◆ Work request:
All lines from the beginning of the listing through the line with "Студия 20.4 м² у метро Проспект Ветеранов" are to be copied word for word; the pictures are not.

>>>>>

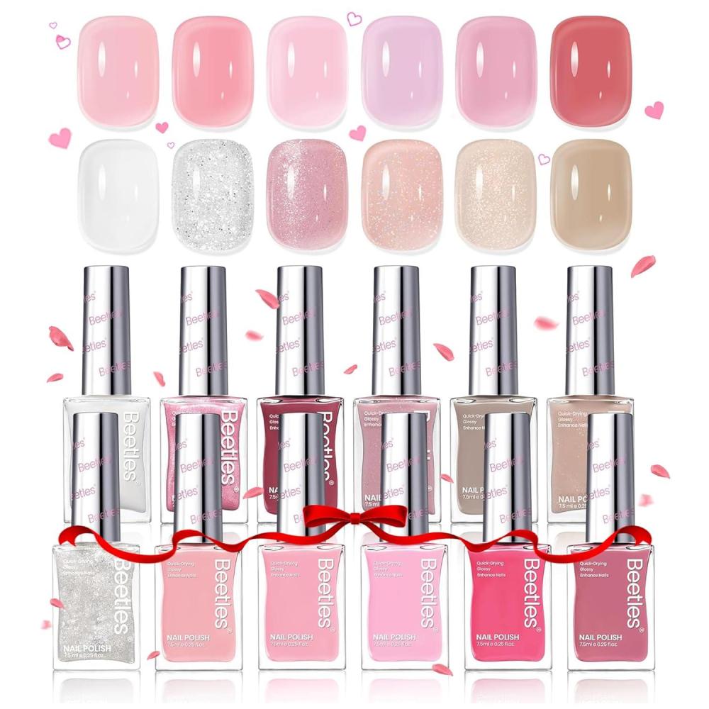 Beetles Pink Nail Polish Set – Love’s Prism 12 Colors Valentine Quick Dry Nail Polish Set 5ml/0.17 Fl Oz, Salon Long Lasting DIY Nails Art Spring Valentines Nails Gifts for Her(Serenely Chic)
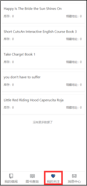 功能,可以查看借阅记录、关注列表展示、消息提醒功能
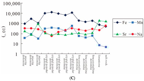 Sr is an important trace element in carbonate rocks, and the content of Sr increases gradually from shallow water to deep water. Since the contents of Sr, Na, and Mg in atmospheric precipitation are lower than in seawater and the contents of Mn and Fe in atmospheric precipitation are higher than in seawater, the deposition of dolomites usually leads to a reduction in the content of Sr, Na, and Mg in the quality of atmospheric precipitation. And there is an increase in Mn plus and Fe. Moreover, the form of Mn is relatively stable and accumulates in deep water, so the Mn content gradually increases from shallow water to deep water. The Na content often reflects the salinity of diagenetic fluid.
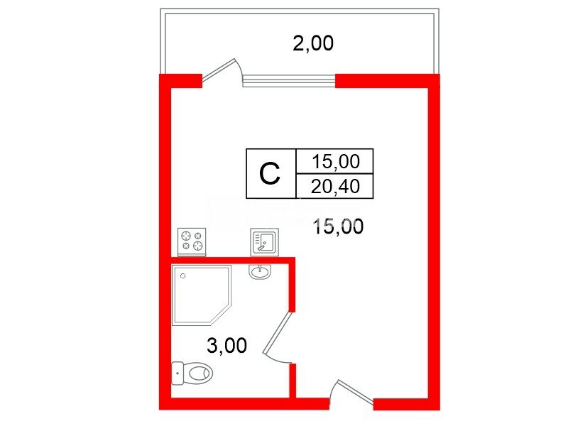 Студия 20.4 м² у метро Проспект Ветеранов
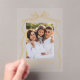 Celebrate the holiday season with this acrylic Christmas card, featuring your family’s photo beautifully framed by a festive gold bow and ribbon on a frosted or transparent acrylic background. The elegant "Merry Christmas" greeting is written in a charming gold handwritten script, adding a personal touch to your holiday greetings. Customise this card with your family name below the greeting for a unique design. Perfect for sharing your family’s warm wishes, this personalised Christmas photo card will make your holiday greetings unforgettable.
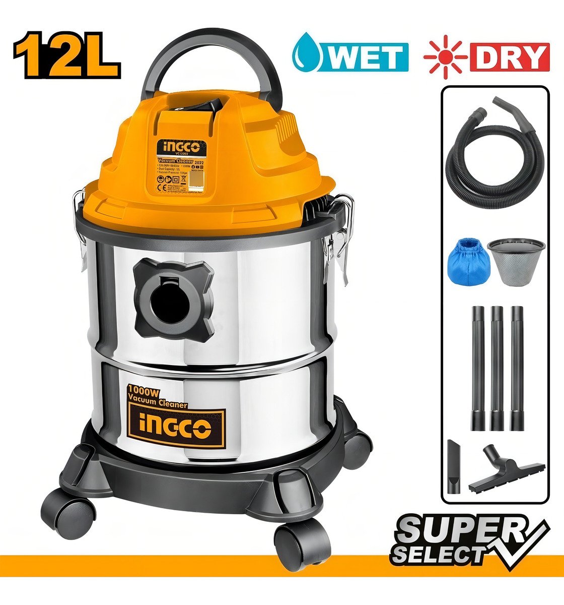 La línea Super Select de Ingco se destaca por su calidad y durabilidad, por lo que puedes confiar en que esta aspiradora te acompañará durante mucho tiempo. Además, su modelo VC12202 es perfecto para uso industrial, garantizando resultados profesionales en cada limpieza.

<<<<<

◆ Solution to this task:
 Beetles Pink Nail Polish Set – Love’s Prism 12 Colors Valentine Quick Dry Nail Polish Set 5ml/0.17 Fl Oz, Salon Long Lasting DIY Nails Art Spring Valentines Nails Gifts for Her(Serenely Chic)
 功能,可以查看借阅记录、关注列表展示、消息提醒功能
 Sr is an important trace element in carbonate rocks, and the content of Sr increases gradually from shallow water to deep water. Since the contents of Sr, Na, and Mg in atmospheric precipitation are lower than in seawater and the contents of Mn and Fe in atmospheric precipitation are higher than in seawater, the deposition of dolomites usually leads to a reduction in the content of Sr, Na, and Mg in the quality of atmospheric precipitation. And there is an increase in Mn plus and Fe. Moreover, the form of Mn is relatively stable and accumulates in deep water, so the Mn content gradually increases from shallow water to deep water. The Na content often reflects the salinity of diagenetic fluid.
 Студия 20.4 м² у метро Проспект Ветеранов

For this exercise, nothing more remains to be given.